**Work instruction:**
The answer should hold only the lines from the beginning of the listing below to the line containing "Spezialwagen für Autogenschweißanlage", both included, with every picture left out.

**Data provided:**
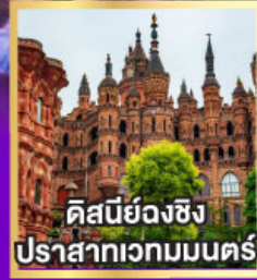
คิสนียงซิ่ง ปราสาทเวกมนตร์
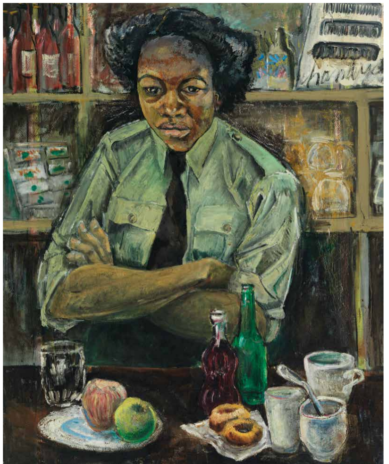
Peinture de Molly Lamb Bobak, 1946 Première femme nommée artiste de guerre au sein de l'armée canadienne
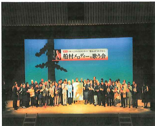
船村メロディーを歌う会
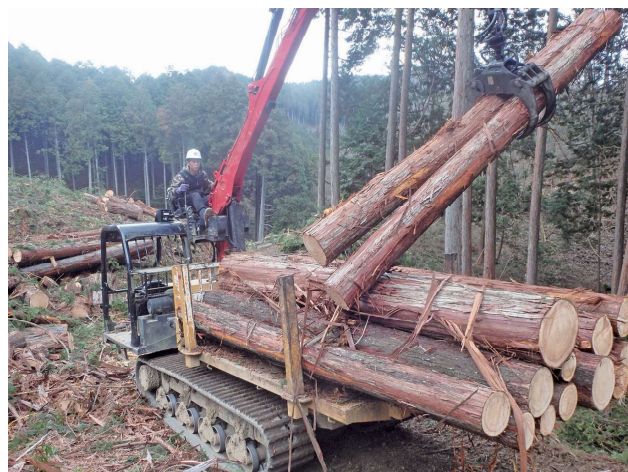
フォワーダによる木材運搬
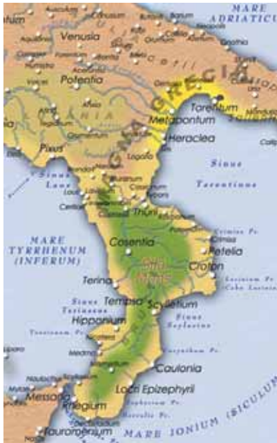
Una parte della "Magna Graecia"
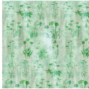
6052 Vert 24 Motif d'impression
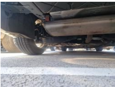
Imagen - 37
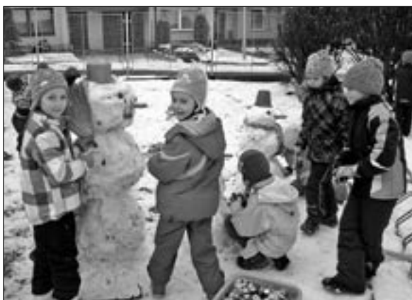
Jak jsme stavěli sněhuláky. V loňském roce jsme v naší školce sněhuláky nestavěli, tak si letos užíváme. K stavění sněhuláků je spousta říkanek a písniček. Děti jsme letos naučili tuto říkanku: Kuli, kuli, kuli, to je koule sněhová, kuli, kuli, kuli, koule už je hotová. Aj tak tak, aj tak tak, tak se staví sněhulák.
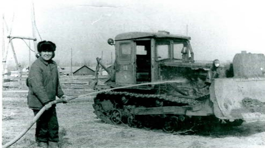
ДПК Партизанского городского округа Приморска
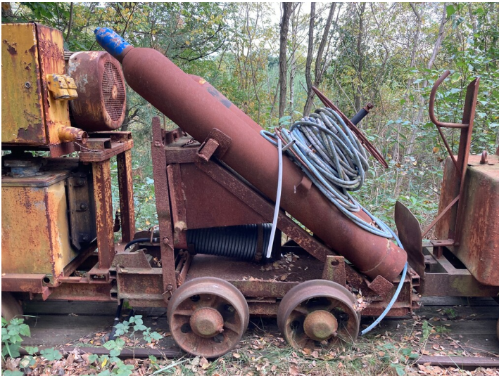
Spezialwagen für Autogenschweißanlage und Zubehör
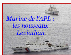
Marine de l'APL : les nouveaux Léviathan

Cela dit, les eaux sous contrôle nippon ne sont pas les seules à intéresser l'APL. Celle-ci va fixer un de ses grands garde-côtes (5000TJB) à Xishan , sa nouvelle « ville » dans les Spratley . Ceci pour mieux rayonner en mer de Chine du Sud. L'an dernier, de source officielle, elle a effectué des opérations de routine sur 18 îlots et atolls sous contrôle actuel des Philippines et du Vietnam. De quoi alimenter cette année encore entre pays voisins, tensions, jeux d'état-major et réarmement accéléré.
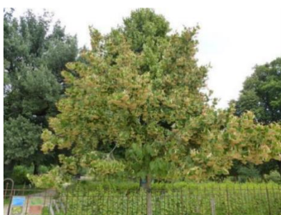
Gewimperde linde (Tilia henryana). Op de plattegrond aangegeven met rode stip C
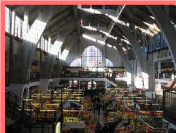
Breslau – Markthalle

Mindestteilnehmerzahl 16 Personen für die Durchführung der Reise. Reiseabsagefrist bis 4 Wochen vor Reisebeginn.
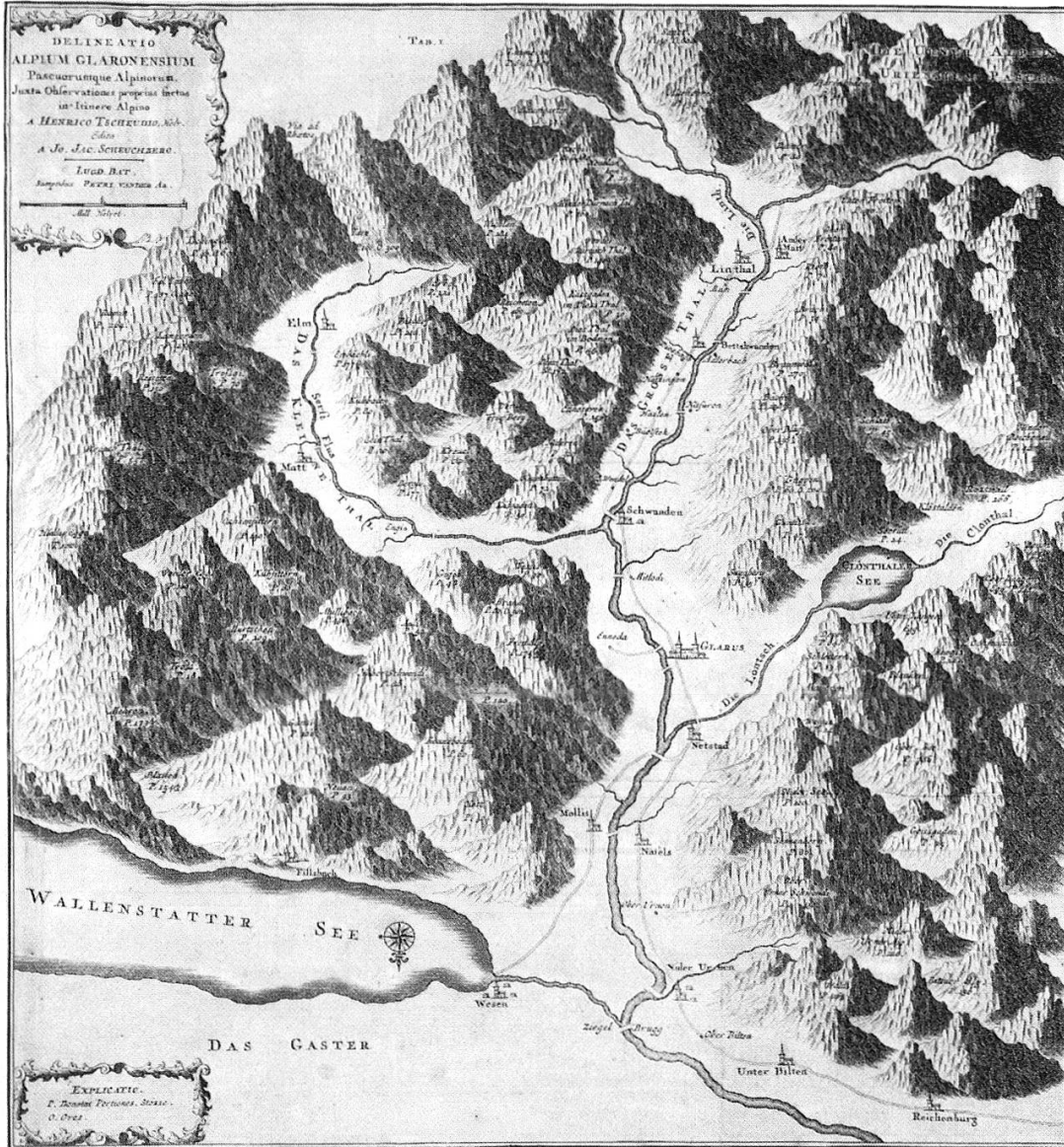
Landkarte des Kantons Glarus aus Scheuchzers Itinera Alpina, nach Joh. Heinrich Tschudi, Leyden 1723
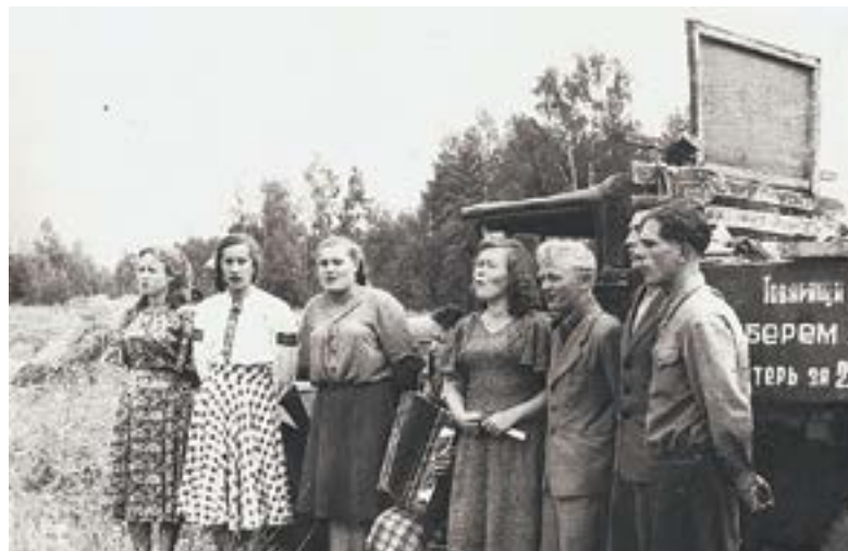
Посмотреть выступление артистов приходили за много километров.

Действительно, каких мужиков могли тогда увидеть у себя
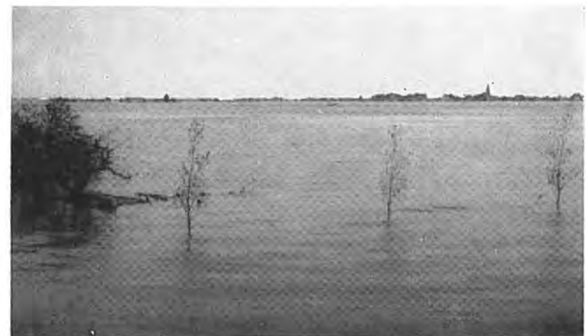
Gezicht vanaf de Zanddijk
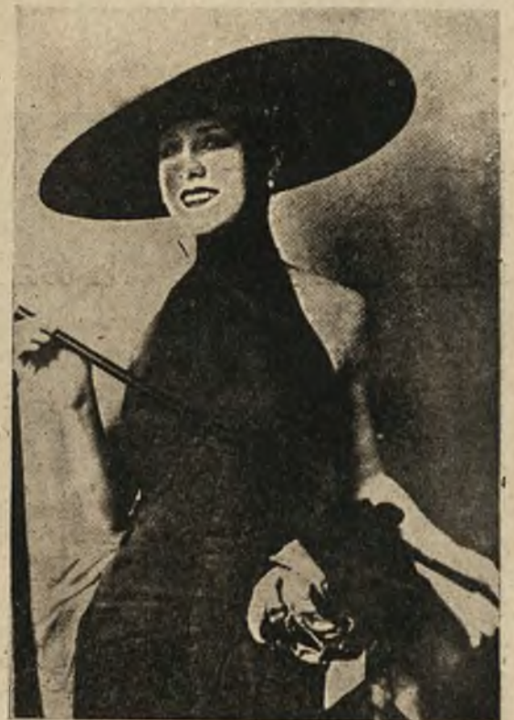
Najnowsza „sensacja“ nowojorska: Kostjum wampirowski artystki Normy Shearer.
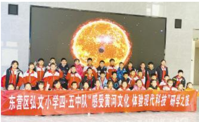
东营区弘文小学四·五中队研学之旅走进通威东营“渔光一体”生态园
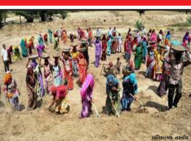
ભ્રષ્ટાચારમાં વગોવાચલી મનરેગા કોરોના કાળમાં શ્રમિકોને તારણ હાર થશે ખરી ?

વેજલપુર, કાલોલ તાલુકાના વેજલપુર ગામમાં મનરેગામાં અનેક કામો ભ્રષ્ટાચારની બુમો ઉઠી છે. ત્યારે વાત કરીએ તો કાલોલ તાલુકાની મોટી ગ્રામ પંચાયત એટલે વેજલપુર ગ્રામ પંચાયત હોવા છતાં વેજલપુર ગામમાં મનરેગાના કામોમાં માત્ર કાગળ ઉપર બતાવીને અનેક વિસ્તારના કામોમાં ભ્રષ્ટાચાર આચરીને અનેક અધિકારીઓએ પોતાના વિકાસના કાર્યો કર્યા હોય તેવા અનેક વિસ્તારના કામો માત્રને માત્ર કાગળ ઉપર બતાવીને વેજલપુર ગામની ભોળી જનતાને આવા ભ્રષ્ટ અધિકારીઓએ મૂર્ખ બનાવીને લાખો રૂપિયા બનાવી લીધા હોય તેમ લાગી રહ્યું છે અને
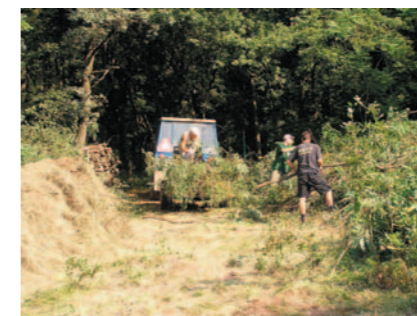
Provádění likvidace invazních dřevin a kosení v téže lokalitě (září 2005).
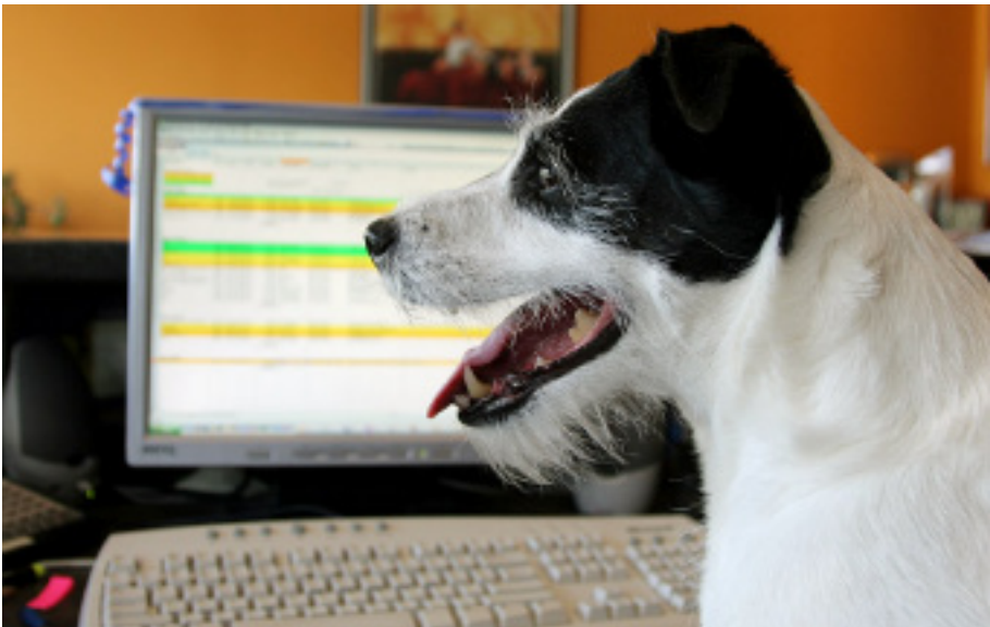
Figura 8. Se ha demostrado que permitir a las mascotas en el trabajo tiene un impacto positivo en la productividad de la empresa.

Una reciente polémica ha sido generada en torno a las dinámicas que se forjan alrededor de la actividad del trabajo en la sociedad colombiana. Una consulta consistió en realizar encuestas por la empresa trabajando.com, donde se encontró que el 64% de los colombianos es adicto al trabajo, lo que redundaría en una separación considerable de los otros ámbitos de la vida social, como las relaciones afectivas, la familia, los momentos de dispersión o diversión, así como los momentos de actividades de hobbies o realización personal. Si el 44% de los encuestados asume un costo familiar (no ver a sus hijos) ¿qué se esperaría del costo de contacto con sus mascotas, que también son integrantes de la familia, y que siempre serán dependientes de sus amos?

**Response box:**
คิสนียงซิ่ง ปราสาทเวกมนตร์
Peinture de Molly Lamb Bobak, 1946 Première femme nommée artiste de guerre au sein de l'armée canadienne
船村メロディーを歌う会
フォワーダによる木材運搬
Una parte della "Magna Graecia"
6052 Vert 24 Motif d'impression
Imagen - 37
Jak jsme stavěli sněhuláky. V loňském roce jsme v naší školce sněhuláky nestavěli, tak si letos užíváme. K stavění sněhuláků je spousta říkanek a písniček. Děti jsme letos naučili tuto říkanku: Kuli, kuli, kuli, to je koule sněhová, kuli, kuli, kuli, koule už je hotová. Aj tak tak, aj tak tak, tak se staví sněhulák.
ДПК Партизанского городского округа Приморска
Spezialwagen für Autogenschweißanlage und Zubehör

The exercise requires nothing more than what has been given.